*** Begin section ***

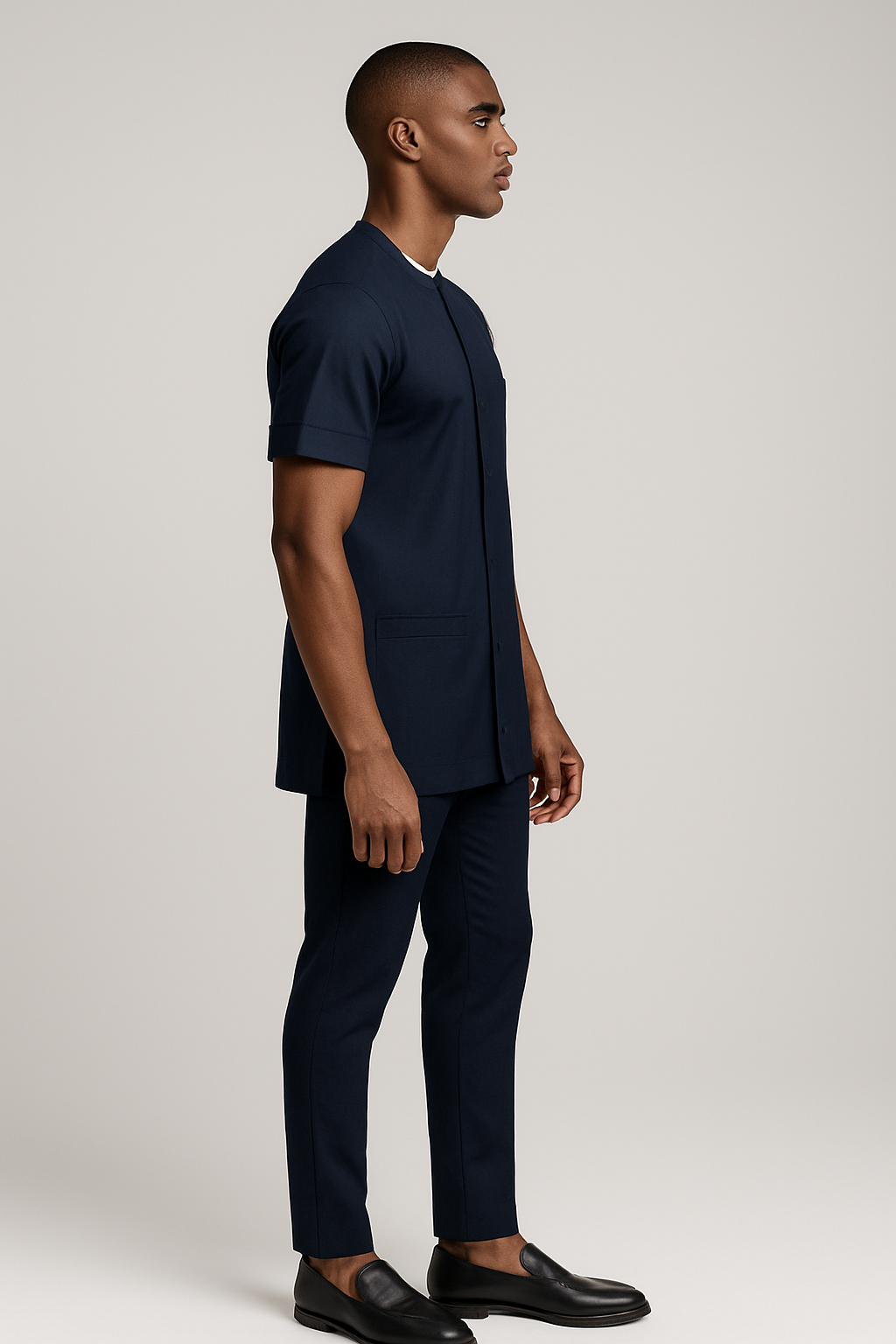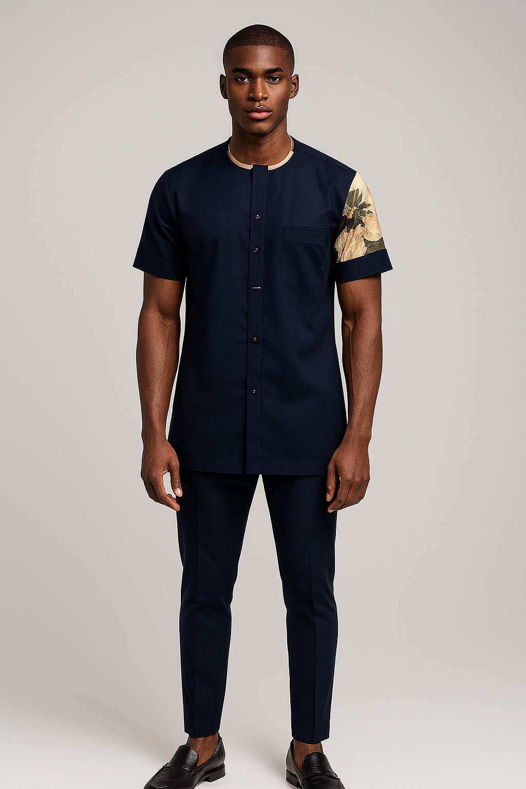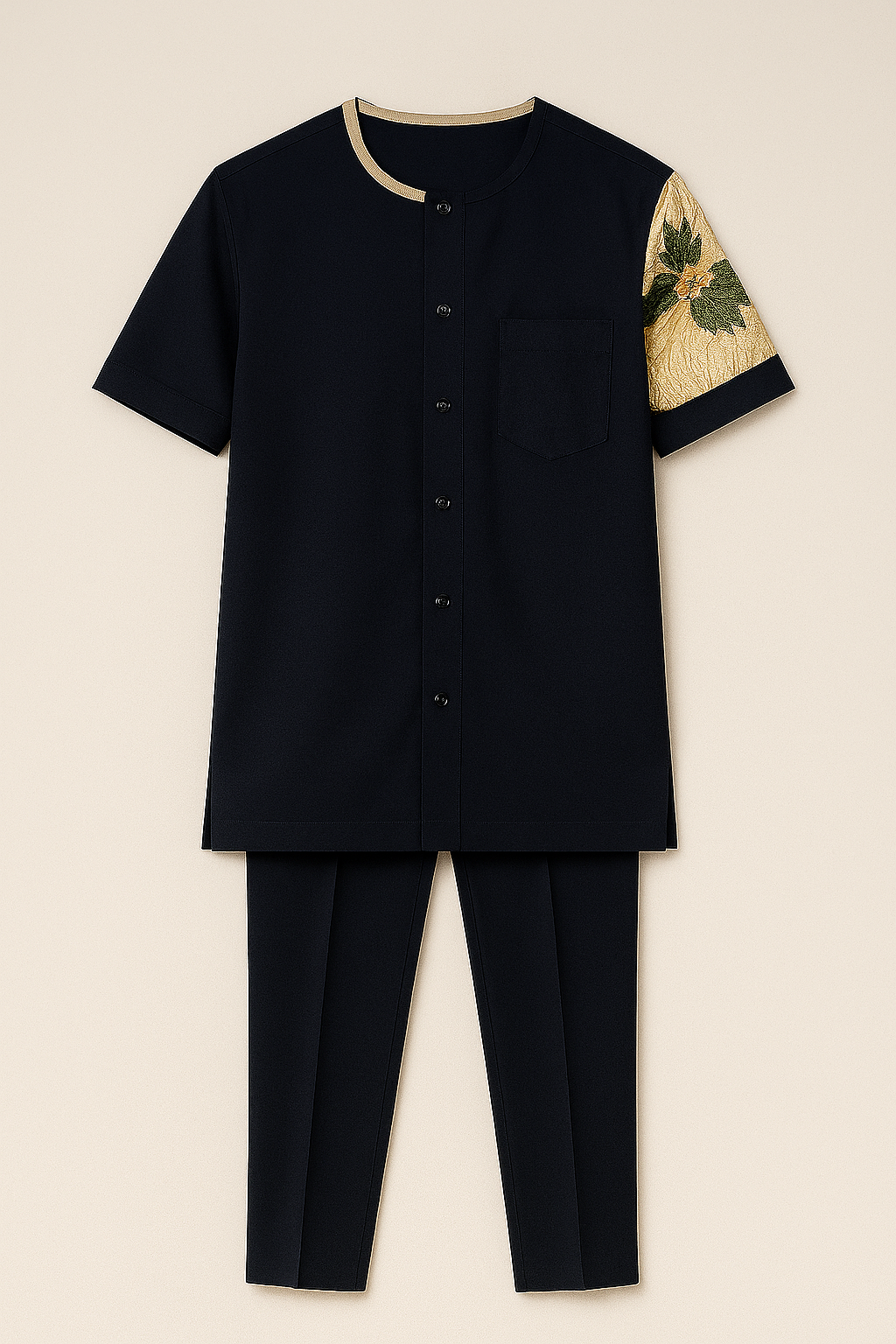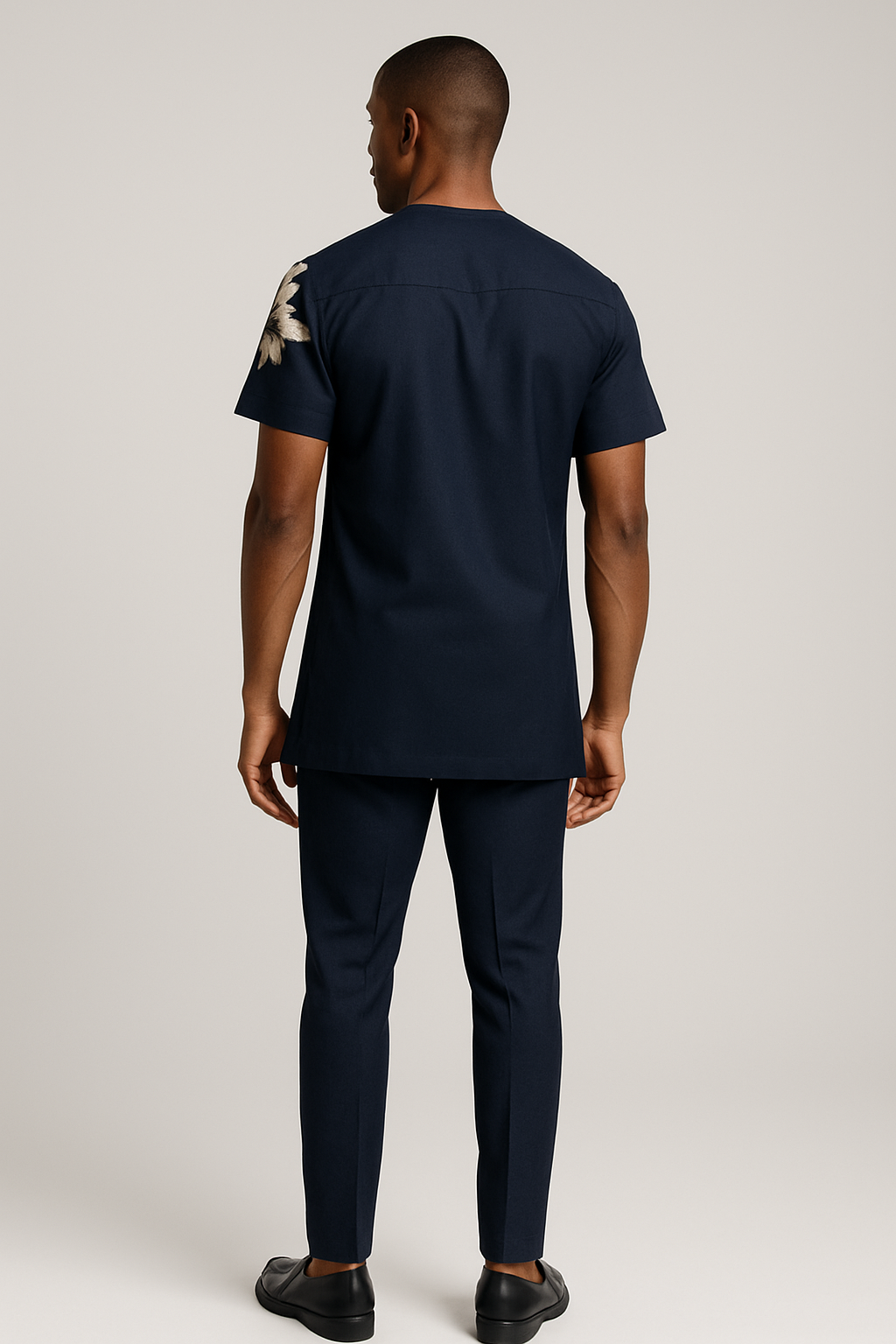 This elegant navy blue short-sleeve tunic set features a subtle botanical print on the right sleeve and a contrast collar detail. Crafted from high-quality fabric, it combines traditional tailoring with modern flair—perfect for weddings, evening events, or elevated casual wear. Comes with matching slim-fit trousers.
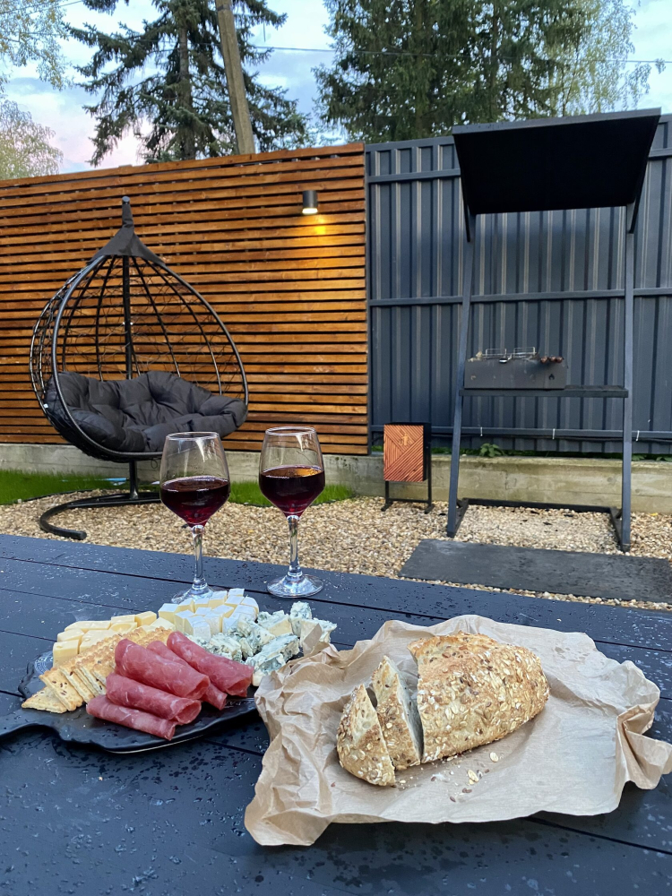 Вам нужно захватить с собой уголь и мясо. Все остальное оборудование для лучшего шашлыка на природе вы найдете в нашем доме.
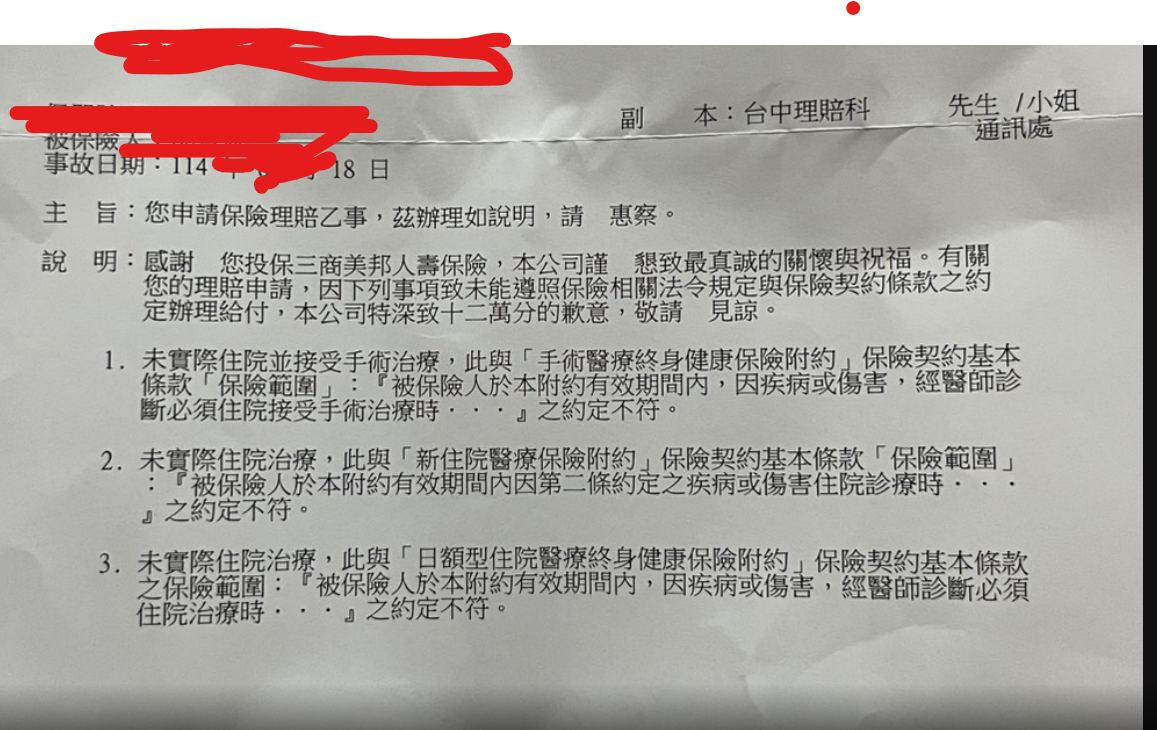 💁🏻♀️ 條款上有載明牙齒手術『須住院』才會理賠,保險公司拿條款說不賠蠻正常的
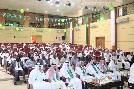 عقب المعرض الحفل الخطابي الذي تنوعت فقراته ما بين القصائد النبطية والمشهد الصامت والمسرحية التي تحكي حب الوطن ، وعرض مرئي يحكي قصة تأسيس المملكة العربية السعودية على يد المغفور له بإذن الله الملك عبدالعزيز رحمه الله ، ثم عقبها أوبريت وطني شارك فيه عمداء كلية التربية الدكتور طلال الشريف وادارة الاعمال الدكتور مطلق الروابي ووكلاء الكلية وأعضاء هيئة التدريس والطلاب .
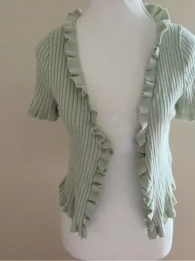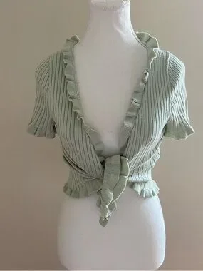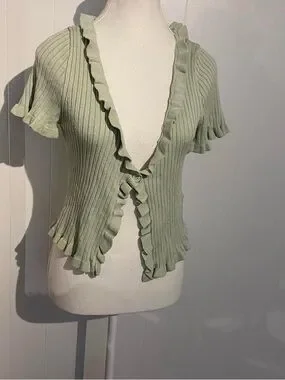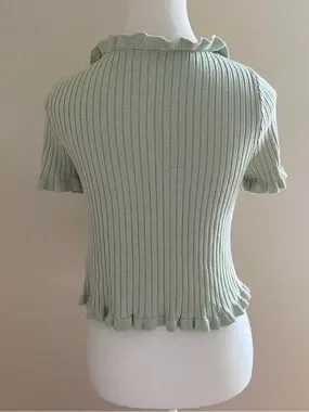 Lightweight ribbed knit top with feminine ruffle trim. Features a deep V-neck and single-button front for a flattering silhouette. Short sleeves and soft sage green color make it easy to pair for everyday wear.
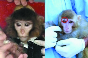公布的送入太空前的活猴照片(左图)。1月30日新闻发布会上的猴子,红痣不见了,且毛色较深。(右图)
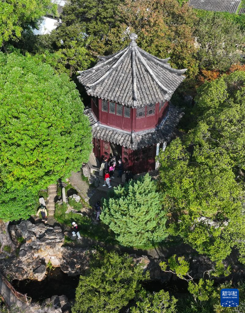 游人在拙政园内游览(10月23日摄,无人机照片)。
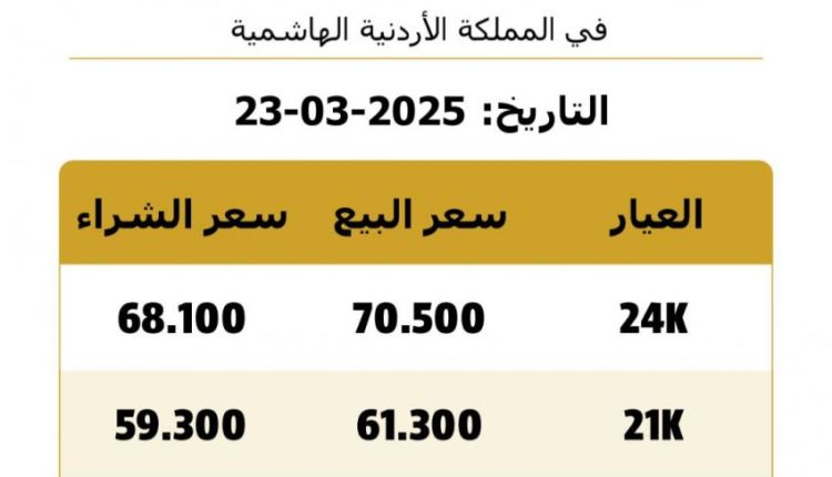 وبلغ سعر بيع غرام الذهب عيار 21 عند 61.3 دينارًا لغايات البيع في محالّ الصاغة، مقابل 59.3 دينارًا للشراء.

*** End section ***

▶ **Problem description**
Please take the lines from the beginning of the data above through the line holding "Вам нужно захватить" and transcribe them exactly, without any pictures.

▶ **Result of this task**
 This elegant navy blue short-sleeve tunic set features a subtle botanical print on the right sleeve and a contrast collar detail. Crafted from high-quality fabric, it combines traditional tailoring with modern flair—perfect for weddings, evening events, or elevated casual wear. Comes with matching slim-fit trousers.
 Вам нужно захватить с собой уголь и мясо. Все остальное оборудование для лучшего шашлыка на природе вы найдете в нашем доме.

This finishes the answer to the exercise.